How can borreliosis be detected after a tick bite?

How can borreliosis be detected after a tick bite? - briefly

Serological analysis—initial ELISA screening followed by confirmatory Western blot—conducted 2–4 weeks after the bite, together with PCR of skin biopsy or blood when early manifestations appear, constitutes the primary diagnostic strategy. If the attachment is recent and no symptoms are present, clinicians typically monitor the patient and repeat testing should clinical signs emerge.

How can borreliosis be detected after a tick bite? - in detail

After a tick attachment, the first step in identifying Lyme disease is a careful examination of the bite site. Look for an expanding erythema with central clearing (often called a “bull’s-eye” rash). The lesion typically appears 3–30 days after the bite; its presence strongly suggests early infection.

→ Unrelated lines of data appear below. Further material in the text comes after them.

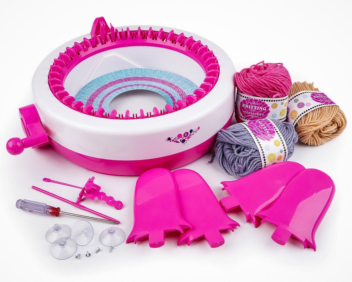 Mlýnek na pletení čepic, šál, ponožek a dalších doplňků. Balení obsahuje 1 pletací mlýnek, 1 plastovou jehlu na přízi, 1 plastový háček, 3 klubíčka příze, kovový šroubovák, 4 kovové šroubky na přišroubování nožek a 4 přísavky, pomocí kterých mlýnek připevníte ke stolu. Průměr pletací části je 24 cm, dokola je 40 pletacích háčků (jehel). Doporučená síla příze je na jehlice 4 - 5. Velikost mlýnku je 19 x 35 cm.
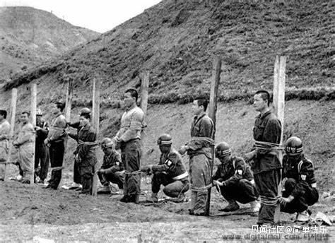 (2)將民眾一批綁在柱子上,然後槍殺;
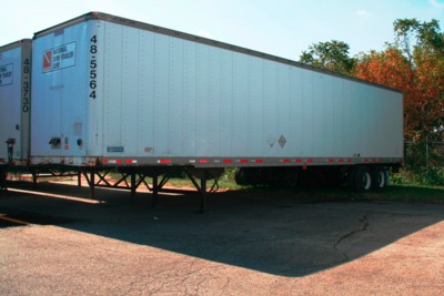 The original semi-trailer that was used to obtain detailed physical measurements for the initial FE model developed in Phase A of this project was a 16.2-m (53-foot), dual-tire, tandem axle 2004 Stoughton box trailer located on a Columbus, Ohio Freightliner dealer's lot. It was a 14.6-(48-foot), dual-tire, tandem axle 1990 Stoughton box trailer obtained from National Semi-Trailer Corp. in Columbus, Ohio, and was very similar structurally to the original semi-trailer. Both trailers were equipped with Airide suspension systems.

If the rash is absent, laboratory testing becomes essential. The recommended serological algorithm consists of two stages:

  • Screening test: Enzyme‑linked immunosorbent assay (ELISA) or chemiluminescent immunoassay (CLIA) detecting IgM and IgG antibodies against Borrelia burgdorferi antigens. Positive or equivocal results require confirmation.
  • Confirmatory test: Western blot analysis distinguishing specific IgM (bands 23‑kDa, 39‑kDa, 41‑kDa) and IgG (bands 18‑kDa, 28‑kDa, 30‑kDa, 39‑kDa, 41‑kDa, 45‑kDa, 58‑kDa, 66‑kDa). Interpretation follows established criteria for early versus late disease.

Molecular methods add sensitivity during the initial phase when antibodies may not yet be detectable. Polymerase chain reaction (PCR) applied to skin biopsy of the rash, joint fluid, or cerebrospinal fluid can identify Borrelia DNA. Positive PCR results are highly specific but have limited sensitivity outside the skin lesion.

Culturing the organism from skin, blood, or cerebrospinal fluid provides definitive proof but requires specialized media (Barbour‑Stoenner‑Kelly) and extended incubation (up to 6 weeks). Because of low yields, culture is rarely used in routine practice.

In patients with neurological or cardiac manifestations, additional investigations are warranted:

  • Cerebrospinal fluid analysis: Elevated protein, lymphocytic pleocytosis, and intrathecal synthesis of Borrelia‑specific antibodies support neuroborreliosis.
  • Electrocardiography and echocardiography: Detect conduction abnormalities or myocarditis associated with disseminated infection.

Timing influences test selection. Antibody tests are reliable after 3–4 weeks post‑exposure; PCR and skin biopsy are most useful within the first two weeks. Combining clinical assessment with appropriate laboratory techniques yields the most accurate diagnosis.